===== Supplied material

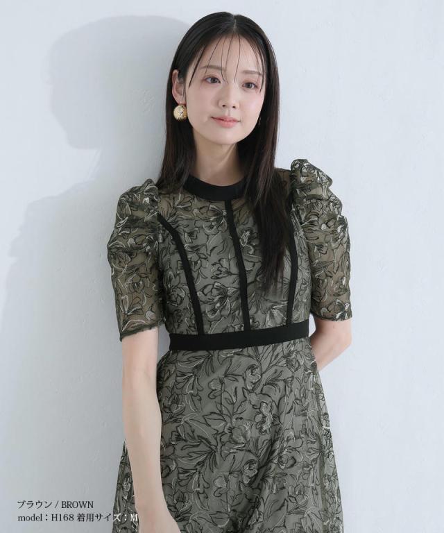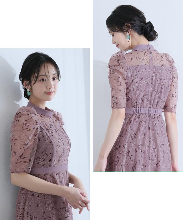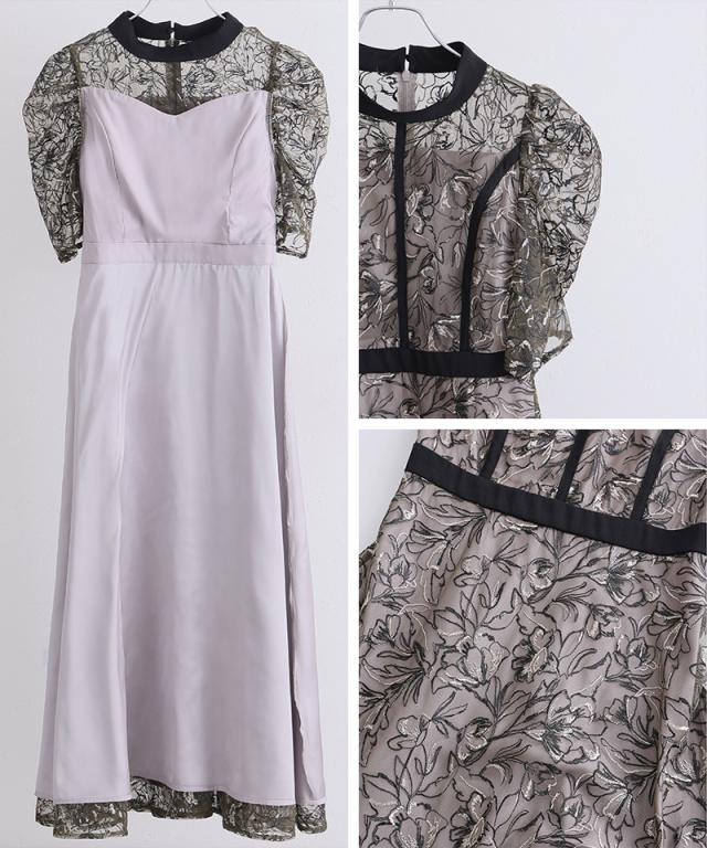 繊細な刺繍レースを贅沢に使用した、気品漂うパーティードレス。
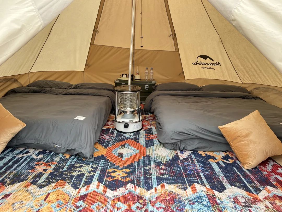 如果你是初次露营的萌新,无需准备繁琐的装备,独立帐篷+小天幕都已就位,洗漱间、卫生间,床铺暖炉热水一概俱全,拎包入住即可!对于有装备基础的进阶玩家,这里也有视野极佳的自由营位,并配有荒野补给站可以解决一些露营消耗品供给。
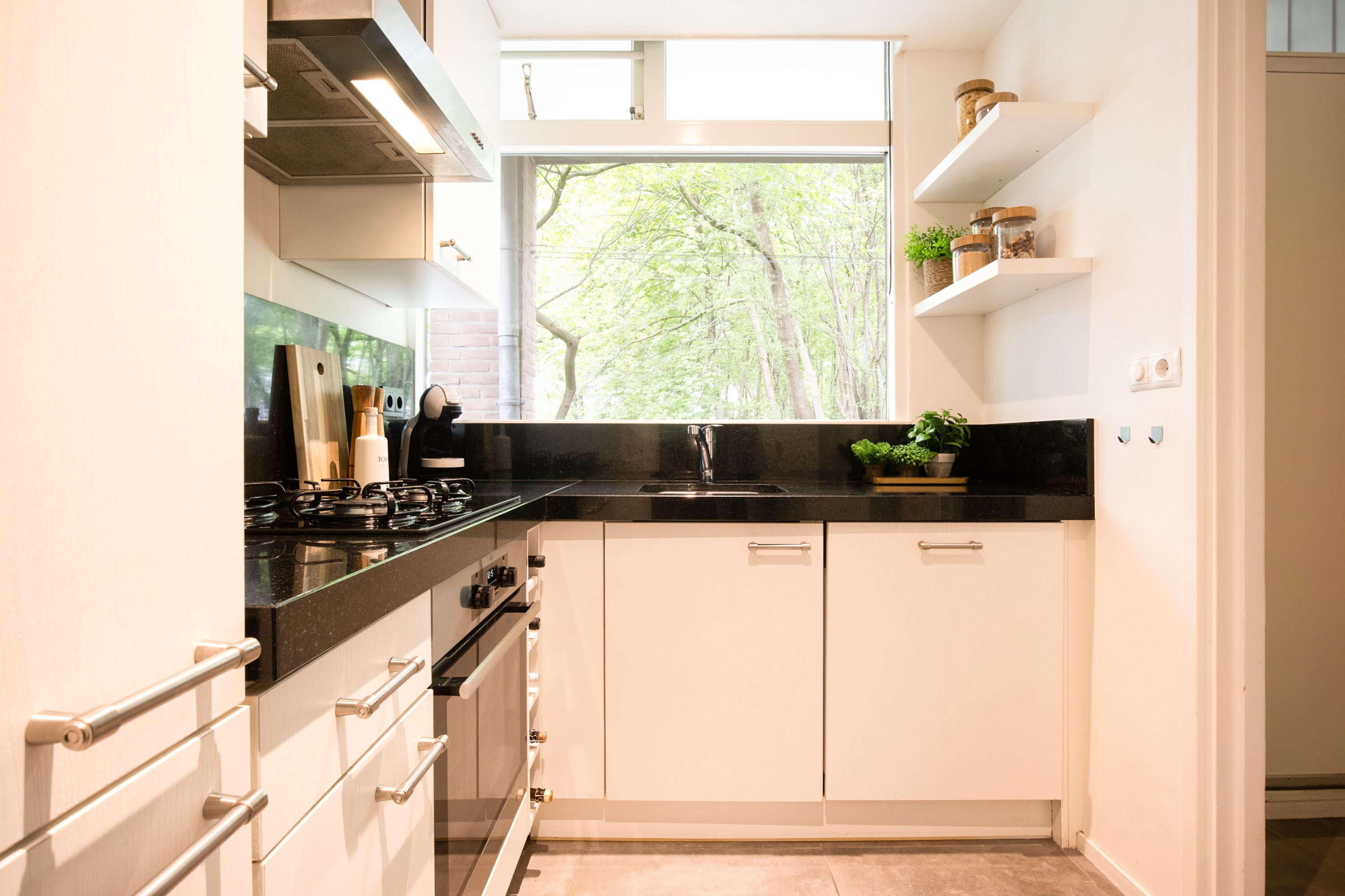 Vanuit de keuken heb je ook weer een mooi uitzicht naar buiten toe. De ramen aan de achterzijde zijn voorzien van dubbele beglazing en houten kozijnen.
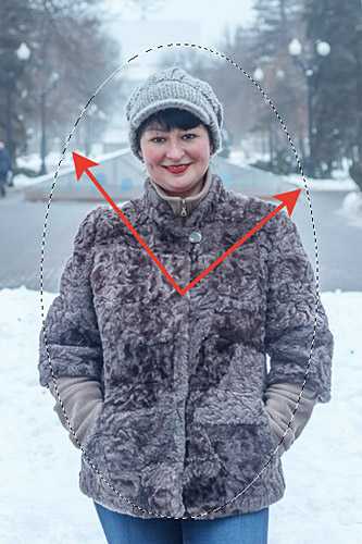 Видите тонкий овал? Там достигается стопроцентное размытие. За этой чертой все размыто на сто процентов. Присмотритесь, и вы заметите на контуре овала четыре небольшие точки: вверху, внизу, слева и справа. Удерживая клавишу Shift, кликните мышью по верхней точке и, не отпуская ее, переместите вверх – туда сместится и граница полного размытия. Не следует располагать точку на верхней границе кадра. Нижняя граница сместится, соответственно, к нижней границе кадра. Нажатие клавиши Shift позволяет производить движение строго в вертикальной плоскости:
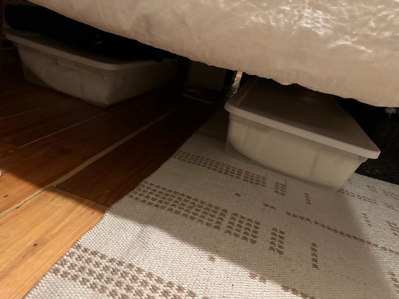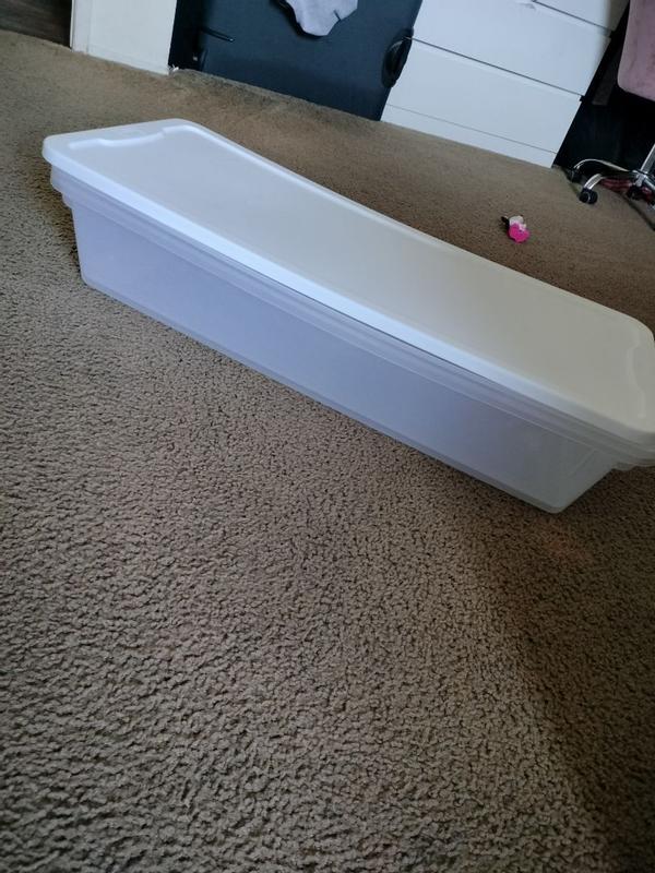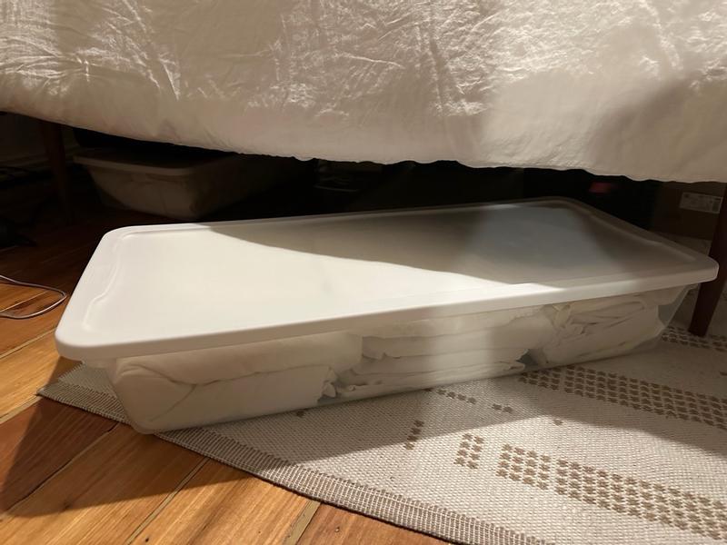 The width of this bin is great for fitting underneath a bed but not taking up too much room. The quality is durable and sturdy. Really great bins for whatever you need to store!
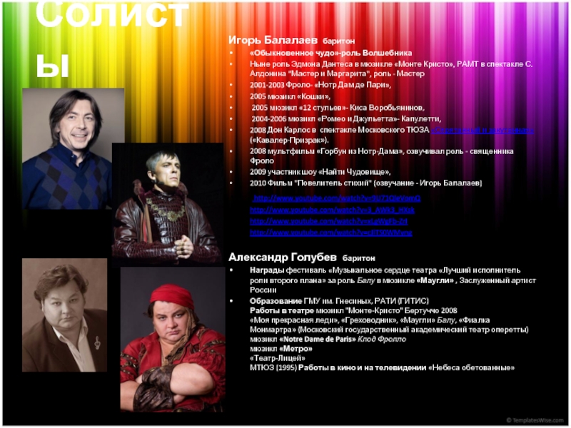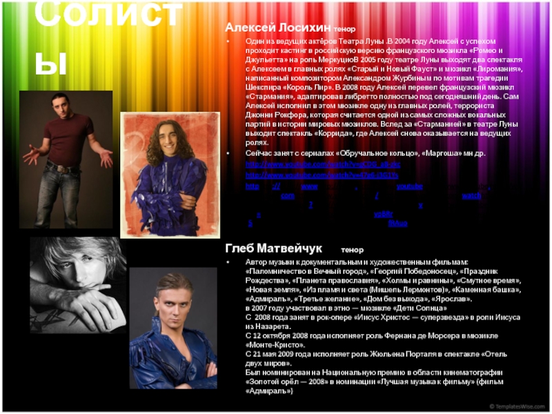 солист мюзикла «Notre Dame de Paris» Роль – Гренгуар).
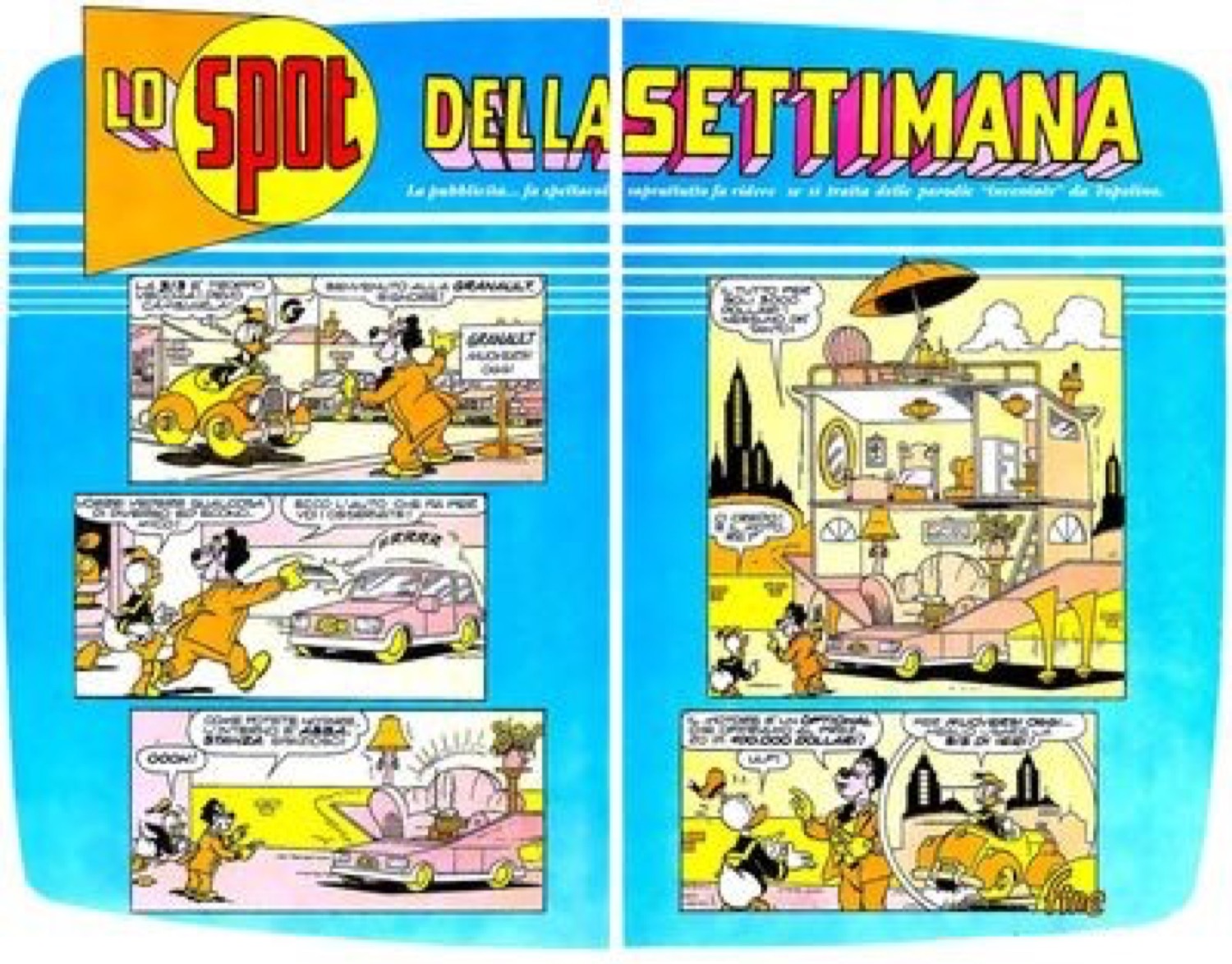 Storia completa composta da 2 tavole originali realizzate da Scala per "Lo spot della settimana", edita su Topolino n. 1677 nel gennaio 1988. Presenza di fotocopie nella prima pagina.

==========

What the task asks:
The range runs from the line containing "Vanuit de keuken" through the end of the entries; print those lines exactly and leave the pictures out.

Answer to the exercise:
 Vanuit de keuken heb je ook weer een mooi uitzicht naar buiten toe. De ramen aan de achterzijde zijn voorzien van dubbele beglazing en houten kozijnen.
 Видите тонкий овал? Там достигается стопроцентное размытие. За этой чертой все размыто на сто процентов. Присмотритесь, и вы заметите на контуре овала четыре небольшие точки: вверху, внизу, слева и справа. Удерживая клавишу Shift, кликните мышью по верхней точке и, не отпуская ее, переместите вверх – туда сместится и граница полного размытия. Не следует располагать точку на верхней границе кадра. Нижняя граница сместится, соответственно, к нижней границе кадра. Нажатие клавиши Shift позволяет производить движение строго в вертикальной плоскости:
 The width of this bin is great for fitting underneath a bed but not taking up too much room. The quality is durable and sturdy. Really great bins for whatever you need to store!
 солист мюзикла «Notre Dame de Paris» Роль – Гренгуар).
 Storia completa composta da 2 tavole originali realizzate da Scala per "Lo spot della settimana", edita su Topolino n. 1677 nel gennaio 1988. Presenza di fotocopie nella prima pagina.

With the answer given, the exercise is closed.